Stored data
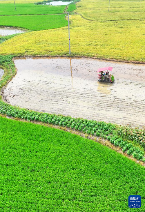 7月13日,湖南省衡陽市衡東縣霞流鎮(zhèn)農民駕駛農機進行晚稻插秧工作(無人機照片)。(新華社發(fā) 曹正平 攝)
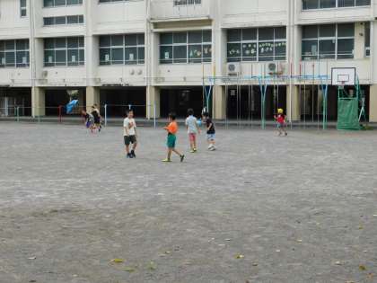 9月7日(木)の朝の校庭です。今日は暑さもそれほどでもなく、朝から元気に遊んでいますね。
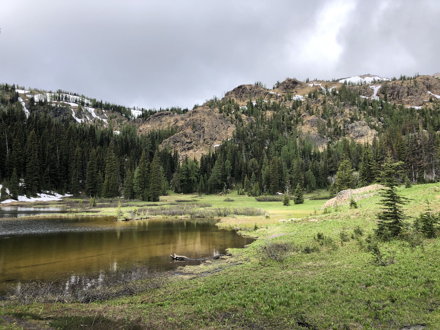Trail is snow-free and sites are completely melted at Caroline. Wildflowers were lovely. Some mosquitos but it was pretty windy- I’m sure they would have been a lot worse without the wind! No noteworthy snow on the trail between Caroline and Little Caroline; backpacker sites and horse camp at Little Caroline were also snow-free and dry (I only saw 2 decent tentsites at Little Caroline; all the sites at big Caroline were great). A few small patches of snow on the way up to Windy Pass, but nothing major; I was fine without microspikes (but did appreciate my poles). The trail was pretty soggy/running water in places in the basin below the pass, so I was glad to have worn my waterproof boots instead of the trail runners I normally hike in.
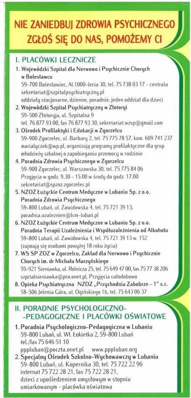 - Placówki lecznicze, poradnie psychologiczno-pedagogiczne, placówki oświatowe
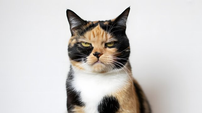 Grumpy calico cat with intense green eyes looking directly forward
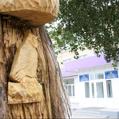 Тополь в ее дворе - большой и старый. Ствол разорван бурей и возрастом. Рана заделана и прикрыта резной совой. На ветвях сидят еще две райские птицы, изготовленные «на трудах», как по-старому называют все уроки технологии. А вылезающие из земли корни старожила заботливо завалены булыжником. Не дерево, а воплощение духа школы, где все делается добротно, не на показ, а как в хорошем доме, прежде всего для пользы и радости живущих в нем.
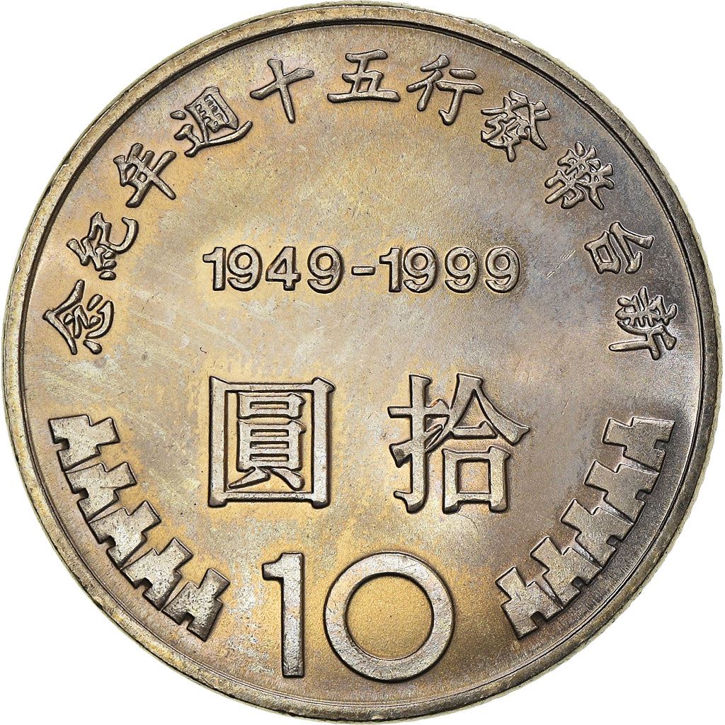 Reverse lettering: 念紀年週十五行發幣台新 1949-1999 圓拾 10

- _WHAT YOU ARE ASKED TO DO_:
Give again, unchanged, only the lines from the line containing "- Placówki lecznicze, poradnie" to the last line of the records above. Pictures do not belong in the copy.

- _WRITTEN RESPONSE_:
 - Placówki lecznicze, poradnie psychologiczno-pedagogiczne, placówki oświatowe
 Grumpy calico cat with intense green eyes looking directly forward
 Тополь в ее дворе - большой и старый. Ствол разорван бурей и возрастом. Рана заделана и прикрыта резной совой. На ветвях сидят еще две райские птицы, изготовленные «на трудах», как по-старому называют все уроки технологии. А вылезающие из земли корни старожила заботливо завалены булыжником. Не дерево, а воплощение духа школы, где все делается добротно, не на показ, а как в хорошем доме, прежде всего для пользы и радости живущих в нем.
 Reverse lettering: 念紀年週十五行發幣台新 1949-1999 圓拾 10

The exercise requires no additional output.